> Exercise
Starting at the first line of the data, print every line up to and including the one with "žiadne práva .....", but no pictures.

> Data records
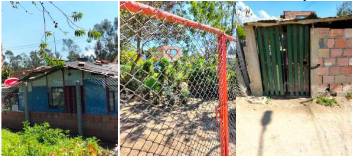
Imagen 2. Características predominantes del asentamiento humano
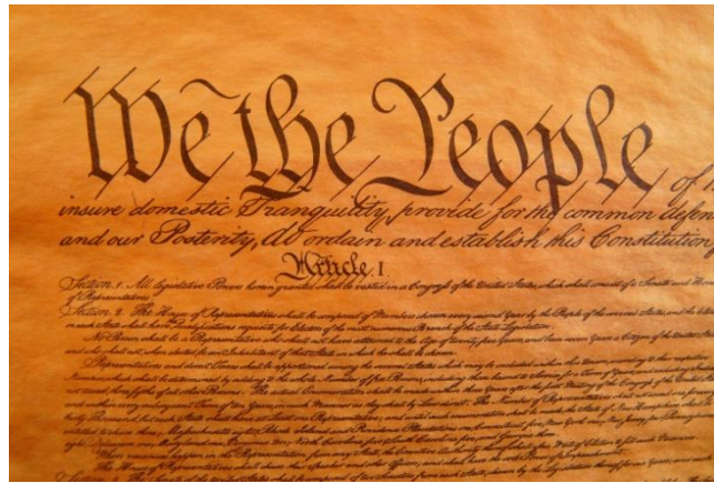
Úvod Ústavy USA z roku 1789

žiadne práva ..... a ....., ktorí pochádzali prevažne z ..... Vznik USA prilákal na kontinent mnoho nových obyvateľov, ktorí postupne vytlačali pôvodné ..... obyvateľstvo z jeho vlastných území.
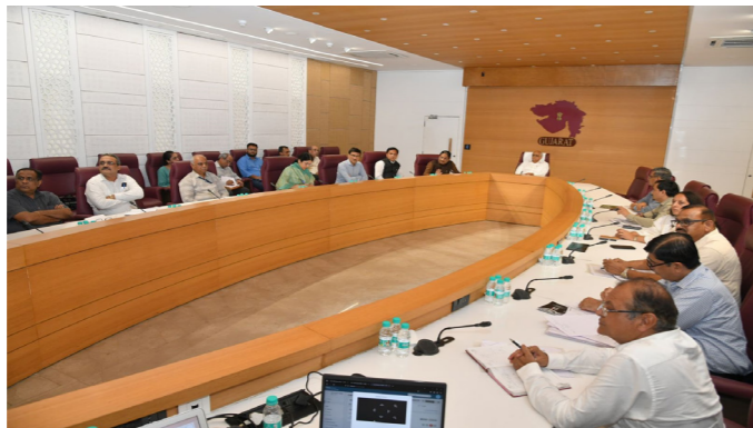
અટકાયત માટે મેલેરિયન પાવડર દ્વારા ડિસ્ટ્રીક્ટ માટેની ડ્રાઈવ હાથ ધરવા તેમજ કોઈ પણ તાવના કિસ્સામાં તાત્કાલિક સહન સારવાર અપાય તે બાબત સુનિશ્ચિત કરવા બેઠકમાં માર્ગદર્શન આપ્યું હતું.
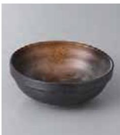
75-6-37G 500円 金茶吹きスタッツ小鉢 11.8×4.5cm
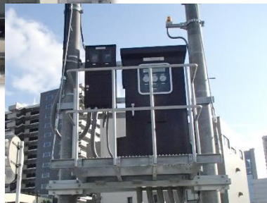
排水ポンプ制御盤設置状況
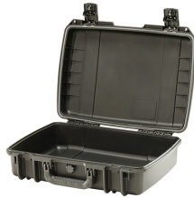
iM2370-X0000 No Foam
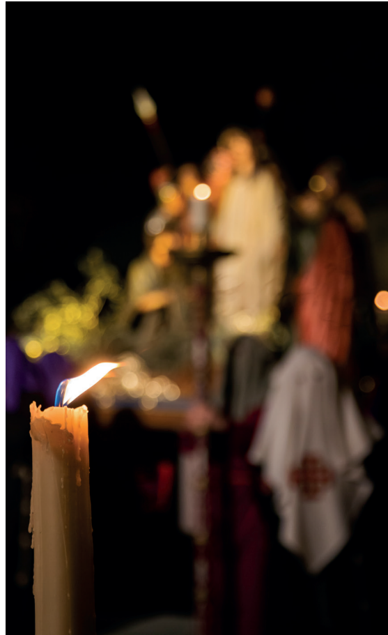
Lux in tenebris. Autor: Jaime Latorre Hurtado.

Hoy y aquí quiero explicar qué he sentido cuando durante años he participado en las procesiones como simple hermano de vela, como uno de los cientos que forman dos filas a ambos lados de los pasos. Revestirse de un hábito negro y cubrir el rostro con una caperuza morada es, en primer lugar, una renuncia a nuestra apariencia, a nuestra imagen pública. Entendemos que nosotros no somos importantes. Lo importante es atraer las miradas de quienes contemplan la procesión hacia los pasos y centrarlas en lo que representan: la pasión, muerte y resurrección de Cristo. Nos ocultamos para que la vista se dirija a lo que es importante. Nos hacemos a un lado, nos difuminamos, para que

> Written response
Imagen 2. Características predominantes del asentamiento humano
Úvod Ústavy USA z roku 1789

žiadne práva ..... a ....., ktorí pochádzali prevažne z ..... Vznik USA prilákal na kontinent mnoho nových obyvateľov, ktorí postupne vytlačali pôvodné ..... obyvateľstvo z jeho vlastných území.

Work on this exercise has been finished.